I could go with my rant on and on, but since this blog is supposed to be about translation, the question that I am finally getting to here is what is the distribution network for delivery of translations, including your translations, and who controls it?

To a certain extent, it is currently controlled by translation agencies rather than by translators themselves.

If the “professional” associations for translators such as the ATA (American Translators Association) really cared about translators instead of trying to make as much money as possible from laughable baloney such as “continued education points” or whatever term is used for this nonsensical charade now, they would try to wrestle the control over the network for distribution of translations back from translation agencies, or Language Services Providers, or Language Providers or whatever absurdly propagandistic term they prefer to adorn themselves with now.

What is professional about an association of “professional translators” that anybody and their grandmother and her dog can join for a fee, no questions asked, and rather a modest one at that? Nothing, of course, absolutely nothing. Unlike for instance in some European and Latin American countries, translators in United States are among professions that are not regulated by the US government. If you call yourself a singer, writer or a journalist, that is what you are. If you call yourself a translator, you are a translator. You can be “accredited” by a court or by an association or another organization, but that does not make you per se a translator, at least not in the United States, because anybody can hang out a shingle with the TRANSLATOR sign and start translating.

It is both a good and a bad thing, of course, because a lot of people who try to translate for a living should probably be doing something else where they can do less damage, for example becoming dog walkers, or psychics who talk to the dead, like Whoopi Goldberg in the film Ghost.

That makes control over the network for distribution and delivery of translations even more important.

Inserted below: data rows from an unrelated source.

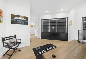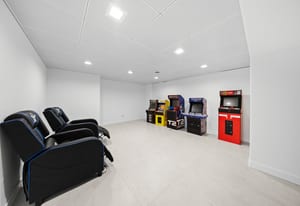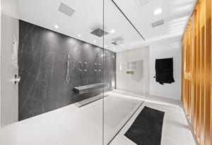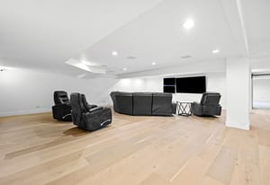 Upstairs, the primary suite offers a private balcony, fireplace, spa-inspired bath with double walk-in shower, soaking tub with water feature, and boutique-style dressing room with custom lighting and sound. Five additional ensuite bedrooms provide private retreats with luxury finishes.
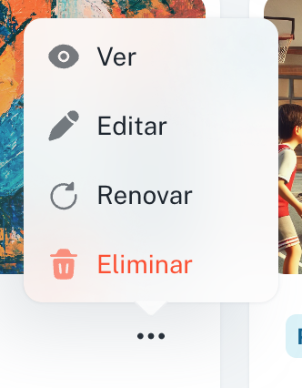 Cada tarjeta incluye un menú de tres puntos (⋯) con estas opciones:
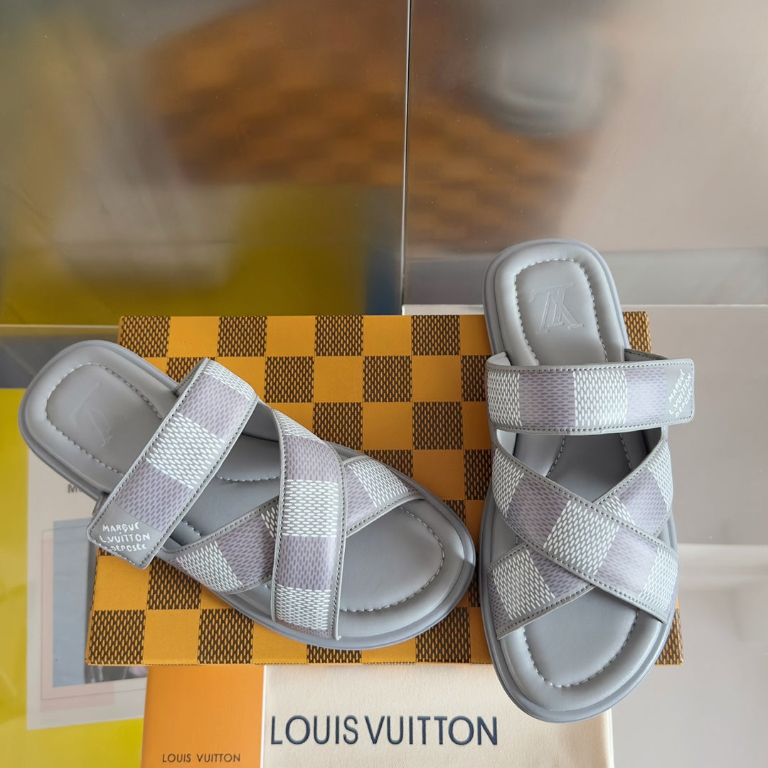 • Premium LV men's slippers, synchronizing with the 2024 early autumn runway collection. The slippers feature a high-quality fabric upper and an original, exclusive comfort sole, ensuring exceptional comfort. These are original factory-followed products.
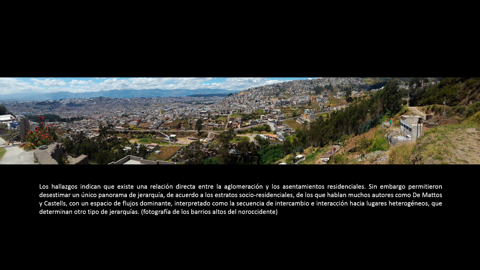 Análisis crítico de las diferentes posturas teóricas surgidas a partir del uso masivo de las Tecnologías de la Información y Comunicación, que configuran el concepto de Ciudad Informacional, cuyo principio fundamental es la transformación de la estructura ocupacional y la aparición de un nuevo sector productivo, el cuaternario, que incide en las dinámicas no solo económicas de un país, sino en las dinámicas de flujos intraurbanos, la configuración geográfica, así como en la calidad de vida. Las principales variables de investigación se derivan de la pregunta ¿Cómo se relacionan los fenómenos de aglomeración-laboral y dispersión-residencial en las ciudades metropolitanas latinoamericanas en proceso de informacionalización?, y como pregunta complementaria se plantea ¿Qué papel cumple el espacio de los flujos? La hipótesis surgida es: La aglomeración-laboral se relaciona con la dispersión-residencial, de una manera directa a través de las redes de flujos, mediante una relación espacial origen destino, facilitada por un lado en la base material que articula ambos fenómenos (infraestructura, movilidad, cobertura), y por otro lado en la base social que adopta éste segmento de la población, a través del alcance de contenidos de información (cultural, de consumo, estilos de vida). Estas relaciones determinan un orden espacial jerárquico basado en la estratificación social del conocimiento, sobre el territorio metropolitano, develada en las huellas que dejan las redes de flujos. Luego de la investigación empírica, los hallazgos nos permitieron ampliar el único panorama de jerarquía, basado en la clasificación de actividades económicas de acuerdo a los estratos socio residenciales en el territorio, de la que hablan muchos autores, como De Mattos y Castells, con un espacio de flujos dominante que resulta ser el protagonista en la nueva dinámica informacional, interpretada como la secuencia de intercambio e interacción hacia los no lugares, y que determina otro tipo de jerarquías espaciales basadas en la cibercultura, una cibercultura de consumo masivo, expresada en el turismo de aventura, fenómeno que abarca muchos segmentos de la población global, en cuanto a cultura, etnia, ideología y género y que actúan dentro del espacio aglomerado, sin embargo no son parte del mismo. El espacio virtual, estaría provocando una suerte de nueva colonización territorial, inserta en el concepto de multiterritorialidad, generadora de ambientes híbridos, que mezclan los lugares y los no lugares, con espacios de transición, dentro de espacios de identidad, cultura e historia. Lo que se traduce en una nueva utilidad jerárquica del espacio informacional, medida en los flujos, pasando del grupo de estudio inicial o productor de servicios avanzados, a incluir una especie de multigrupos, ciudadanos del mundo o población flotante.
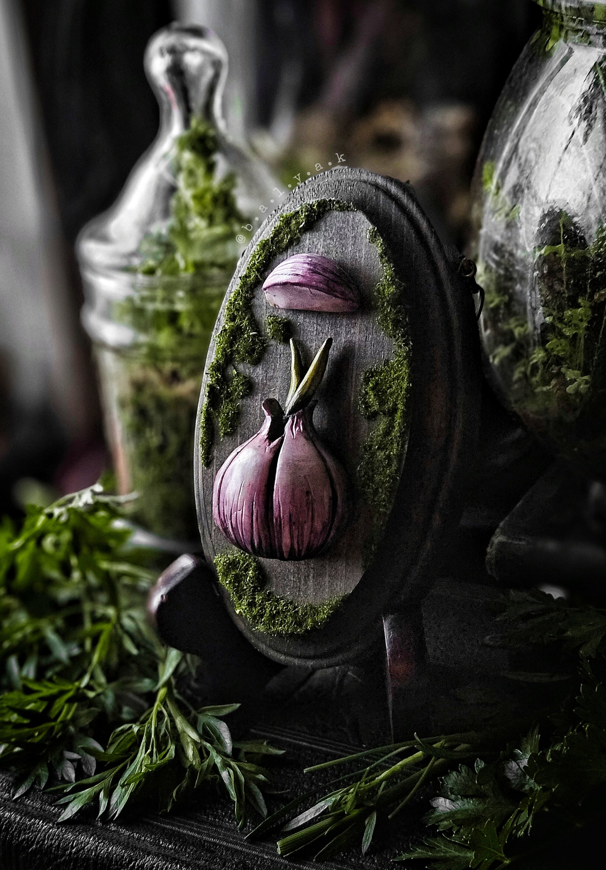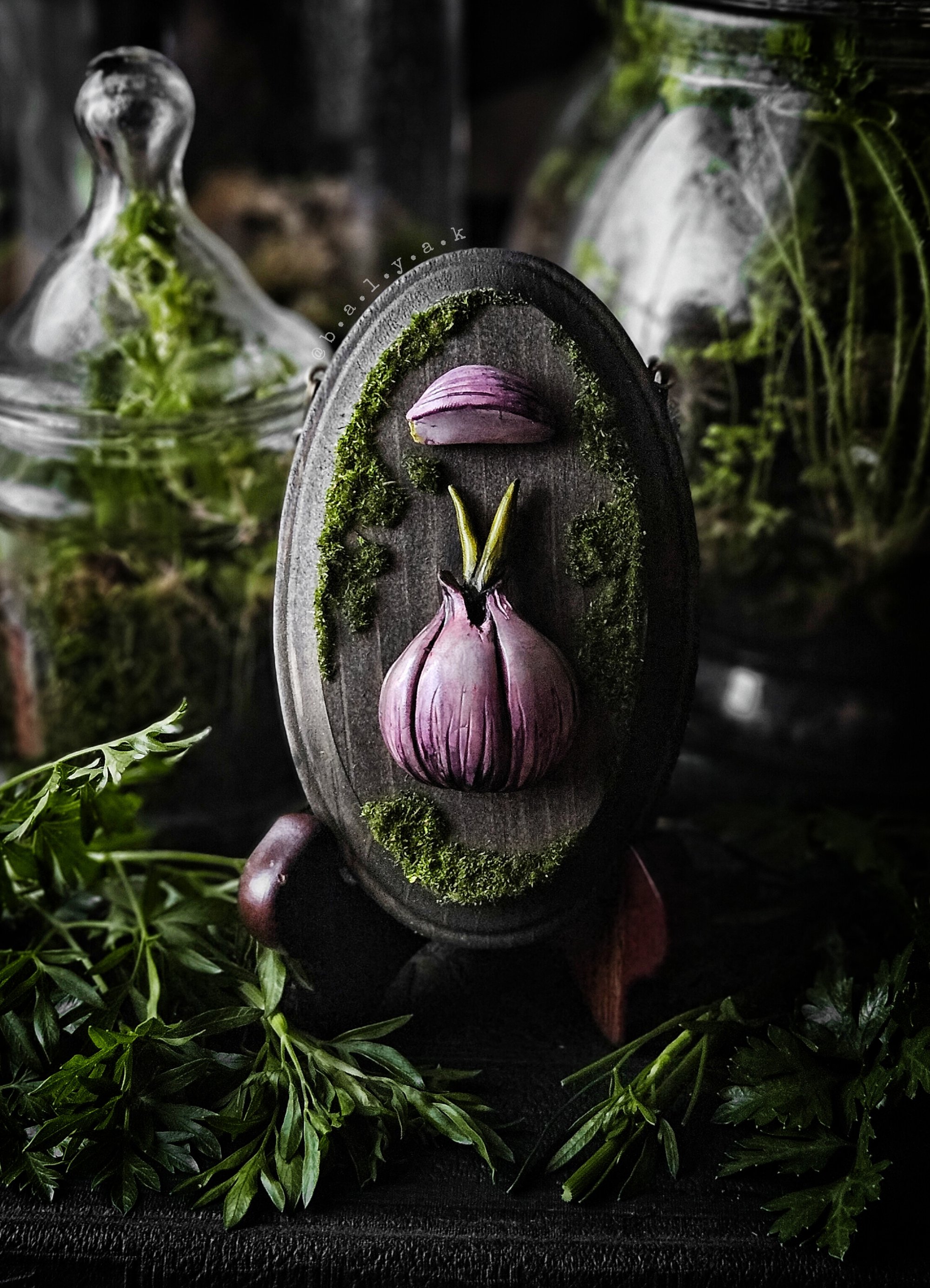 This small replica of a Garlic with it's clove- is perched on a small wooden plaque that is reminiscent of curated museum displays.
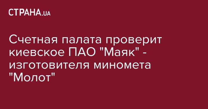 Счетная палата проверит киевское ПАО "Маяк" - изготовителя миномета "Молот"
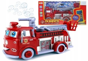 Zabawka, jakiej jeszcze nie było! Dziecięcy wóz strażacki jest interaktywny i kryje w sobie wiele niespodzianek. Autko podczas jazdy puszcza piękne, mieniące się kolorami tęczy bańki mydlane. Należy tylko wyjąć zatyczkę, wlać płyn za pomocą lejka i gotowe.
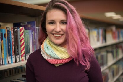 Once again, I’m teaching knitting at the library. The project for the next step after beginners and advanced beginners needs to be completed in 3 weeks, and it needs to be knittable by knitters with a variety of skill levels. Hence, this new version of the Knitting at the Library Cowl, a lace sampler, was born. There are five sections incorporating different lace patterns with varying difficulty. And, instead of ribbing, the pattern begins with rows of seed stitch, another great technique for teaching knitters to read their bumps and “V’s.” The pattern is written for both fingering and worsted weight yarns.

Although as I have noted, this network is to some extent controlled by translation agencies, none of the big agencies is able to control a significant portion of the entire system, for example the way Microsoft still controls the network for word processors with a greedy scheme forcing most customers to pay for software by the second in perpetuity, the same software that they used to be able to own in perpetuity once they paid for it. Fortunately, not even all of the translation agencies, big and small, are able to control most of the system for distribution and delivery of translations.

About three decades ago, when it became possible for each of us to express our opinion via comments on a newspaper’s web page, a blog, or (God forbid!) later also on the Facebook, internet made it possible for any individual translator to create his or her own distribution network for delivery of translations.

So I created my own network for distribution of my own translations with a website and a handy domain name that fits the kind of translation that can be easily found with relevant keywords on Google, a website that has been working with minimal investment for me for two decades and is still working for me now.

The main difference between my job two or three decades ago and now is that thirty years ago, I was delivering only my own translation, while now I deliver through my own distribution network along with my translations also translations done by talented and reliable translators who agree to work for me.

I still deliver my work through the distribution network of a few agencies, but since most of the “translation industry” has been turned in an ignorant, deeply immoral and incredibly greedy monster, I am able to work only for about three or four very small agencies that for the most part do not operate based on the principles of the distribution network of the “translation industry”.

Isn’t it up to us whether we control our own translation distribution network and who we will allow to control our network for distribution and delivery of our own work? Are you in control of most of the network for distribution of all or most of your translations, or is somebody else in control?

And if it is somebody else, why is that the case?